The manuscript comprises four large-format bifolia (16 pages), handwritten by the composer himself in brown and black ink. The title is written above the first page of music, Festo Ascensionis Xsti, Auff Christi Himmelfahrt allein, preceded by Bach’s personal epigraph ‘J.J.’, which stands for ‘Jesu Juva’ (‘Jesus, Help’). This is Bach’s composing score, a working document in which the composer made many corrections and revisions, especially in the opening chorus. The manuscript also contains some annotations by Bach’s eldest son, Wilhelm Friedemann, and a few faint pencil marks made by the printers as they prepared the work for its first publication in 1878. 

As Cantor of the Thomasschule in Leipzig, Bach was expected to compose a new cantata for practically every Sunday of the church year, as well as special festivals like Ascension Day. Much of the writing betrays signs of great haste - bar lines straggle down pages and there is little attempt to maintain the vertical alignment of the different parts. It is also interesting to see how Bach achieves his alterations by a variety of means, sometimes by scratching out the text with a pin, or simply by crossing through with his pen. The smudges made accidentally by his hand or sleeve before the ink was dry add a personal touch to the manuscript. 

Occasionally, where Bach has deleted notes or passages and heavily gone over various sections with his pen, the acidic ink has eroded the paper. This is unfortunately a common problem with the surviving Bach autographs, but this example is better than most, presenting fairly limited signs of erosion. 

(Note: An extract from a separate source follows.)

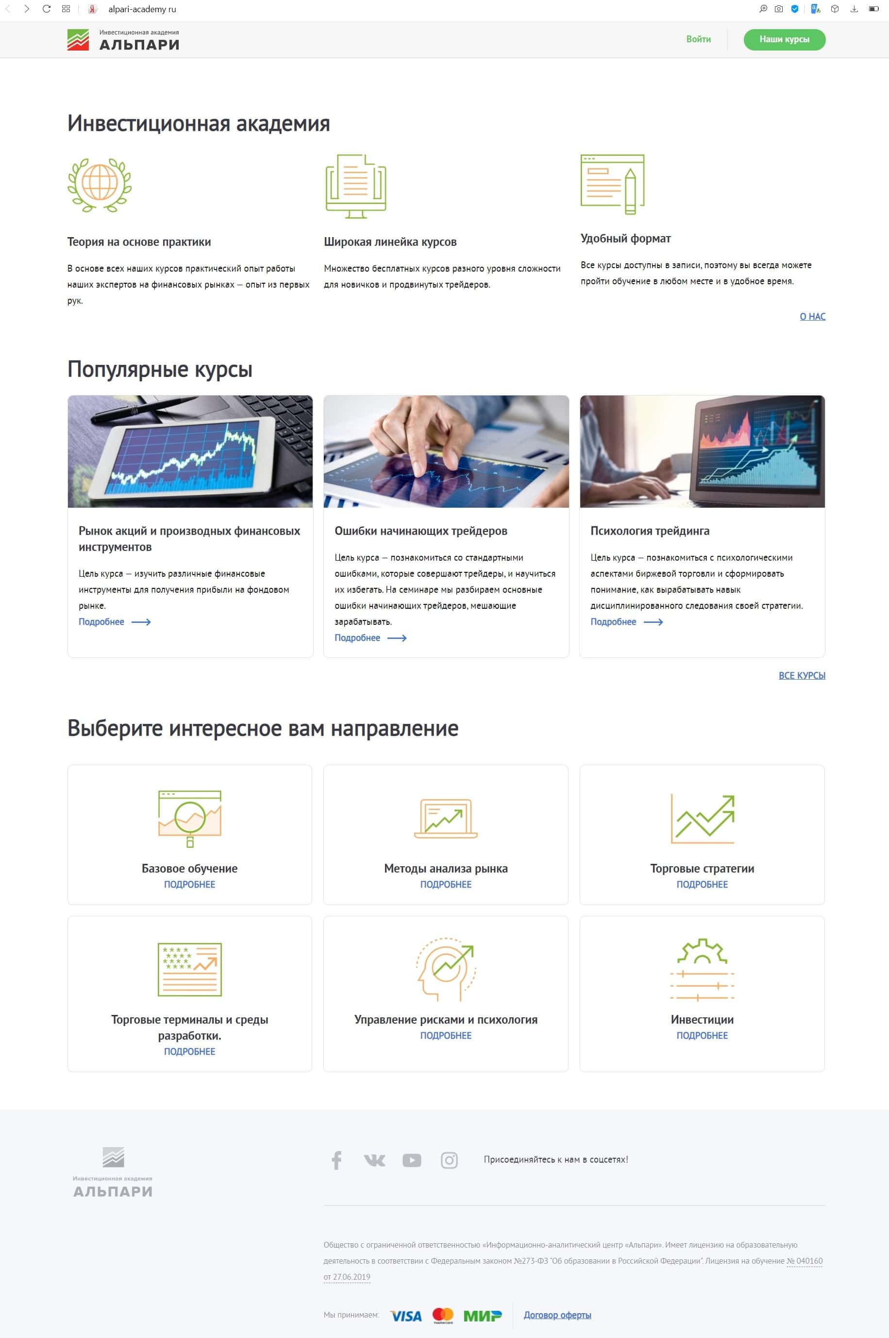 Как выглядит главная страница сайта организации AlpariAcademy Ru?

Characteristically, Bach does his best to condense the maximum amount of music into the minimum space, keen to avoid wasting valuable paper wherever possible. Every corner of the page is filled, the music flowing right to the edge. The dramatic immediacy on the page and the evident haste in which the composer wrote down his music, impart a sense of urgency and creative energy to Bach’s scores, which are often extremely beautiful in their own right. This manuscript is no exception. 

On this new acquisition, the Alfred Brendel Curator of Music at the Bodleian Libraries, Martin Holmes, said: "It must be every music librarian’s dream to be given custody of a Bach autograph and the library is honoured to have been entrusted with this magnificent manuscript."